As I mentioned briefly in an earlier post, one of my assignments for my Permaculture Design Course this month is to make a series of maps of a small design project.  I got started on it this past week, visiting the house of a friend who wants a little urban-farm-style food plot in her yard.  And it’s pretty challenging so far.

The first phase of the assignment is to make what’s called a “base map” of the property.  I was excited for this at first; I love maps – I’ve got a couple of vintage ones framed in my house, and I’ll sometimes just look at my atlases for fun.  But looking at them and reading them are much easier than making them.  I suppose this is true for most things – consuming is easier than producing.  Still, I’m being challenged by this.

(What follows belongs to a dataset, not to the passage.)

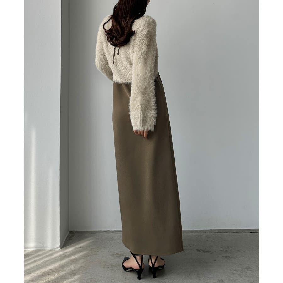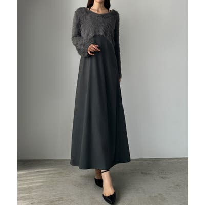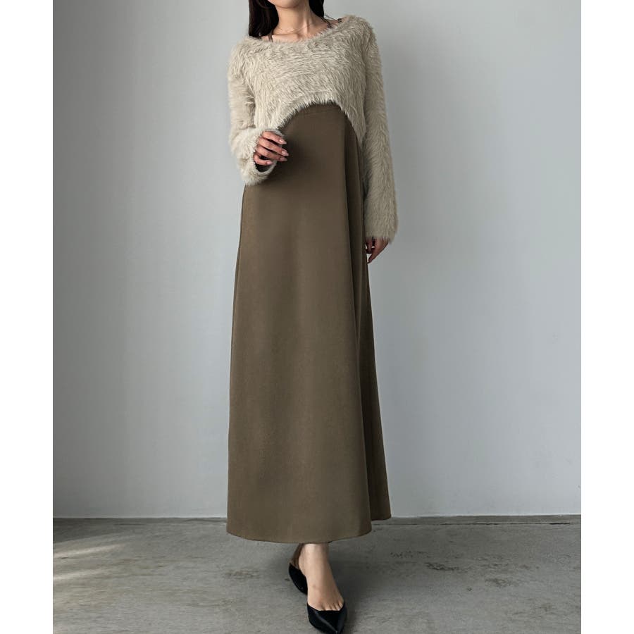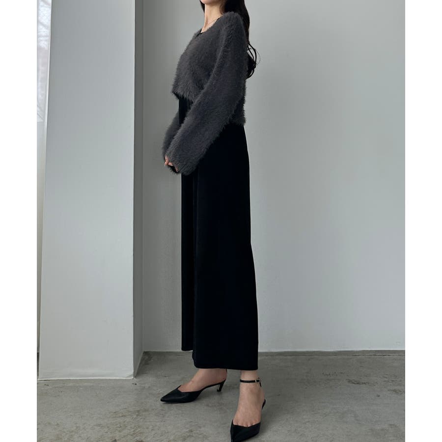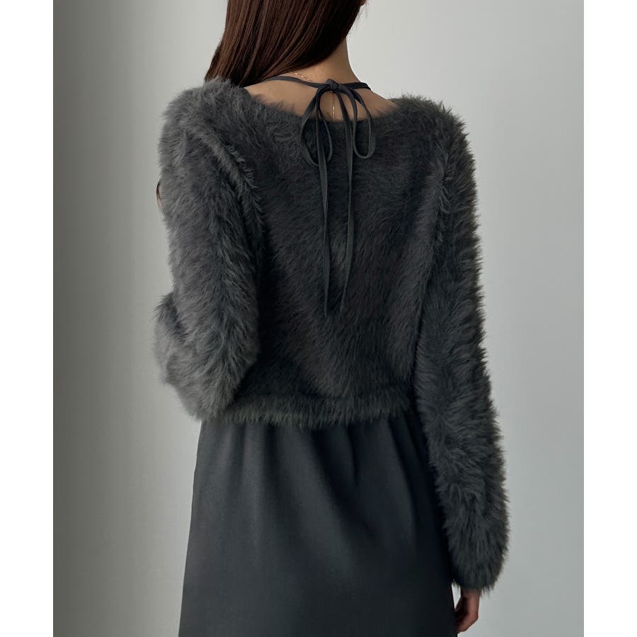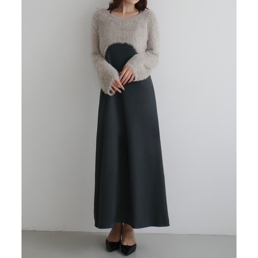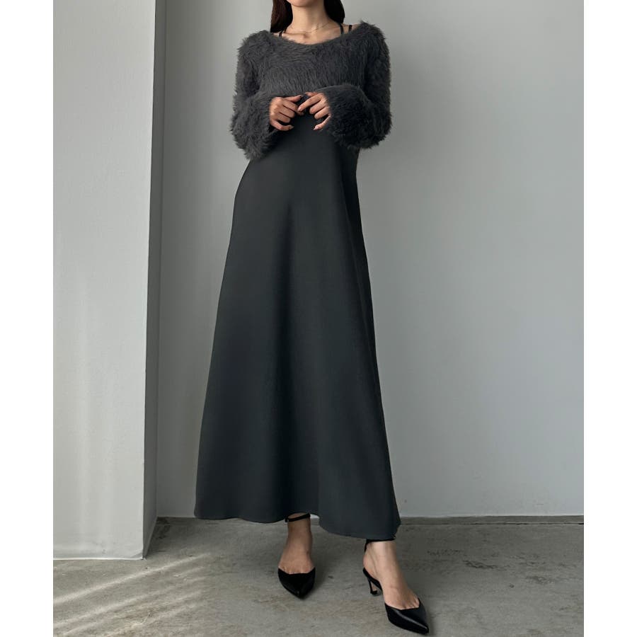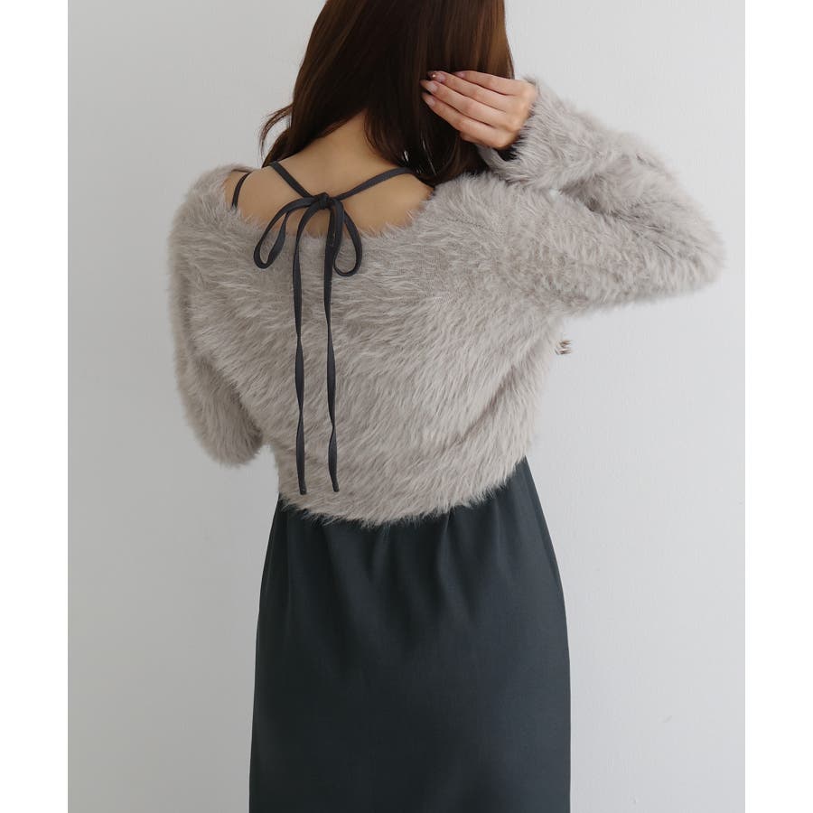 Louere シャギーショートニット+セミフレアキャミワンピースSET

The challenge comes from the technicality of the assignment, and of the process.  I’ve drawn maps of farm fields before in my crop-planning work, but this one needs to be precise and to scale.  And the entire property, with all relevant features, has to be on it and also to scale.  So I spent a good chunk of an afternoon last week going around with my tape measure and my friend, measuring the property boundaries, length of the driveway, dimensions of the house, length of the fences, areas of the pre-existing landscaping, and so on.  Now I have to put these measurements on a larger format map (which I also have to draw!  Good lord…).

It’s important, though, in the design process.  In order to make changes, and before that even to understand the place at which one’s making changes, one needs to see the whole perspective.  This base map will help me, in later phases of the project, to understand the zones of use for the property, as well as the sectors of influence that will and do affect it.  And, of course, it will be key in designing and communicating the changes we want to make to the property.  In the meantime, I have to slog my way through tedious line-measuring and -drawing this week.  I’ll post some pictures once I’m done, no matter how bad it looks.